*** Material provided
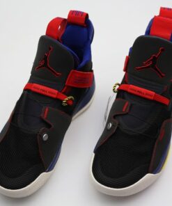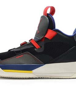Dressed in a Black, Dark Smoke Grey, and Sail color scheme. This Air Jordan XXXIII comes with hints of Black and Red throughout its upper. It’s constructed with FastFit which removes laces and introduces an all-new system for containment on the court, an innovation designed to provide ultimate lockdown. Nike Air heel tabs atop the a new Jordan Apex-Utility Nike React cushioning completes the design.
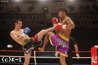 1R、渡辺が左ミドルと右ロー、大沢は左フックから右ストレート・右ボディにつなげる。ローを蹴って前に出ていく渡辺。ここで大沢の蹴りがローブローとなり、試合が一時中断となる。再開後、大沢が渡辺の蹴りを受けて左ボディを返し、そこから右ストレート。距離が詰まると左右のボディを集めて顔面に右フック、前に出てくる渡辺に飛びヒザ蹴りを狙う。
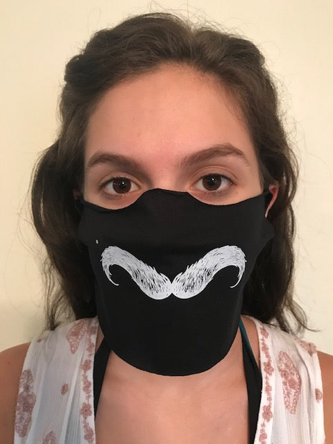 Mask Up in style! This black reusable face mask features a moustache and ear loops. One size fits most.
******
Task to complete:
The lines needed are those from the one containing "1R、渡辺が左ミドルと右ロー" through the end of the listing, given again word for word and without any picture.

Answer space:
 1R、渡辺が左ミドルと右ロー、大沢は左フックから右ストレート・右ボディにつなげる。ローを蹴って前に出ていく渡辺。ここで大沢の蹴りがローブローとなり、試合が一時中断となる。再開後、大沢が渡辺の蹴りを受けて左ボディを返し、そこから右ストレート。距離が詰まると左右のボディを集めて顔面に右フック、前に出てくる渡辺に飛びヒザ蹴りを狙う。
 Mask Up in style! This black reusable face mask features a moustache and ear loops. One size fits most.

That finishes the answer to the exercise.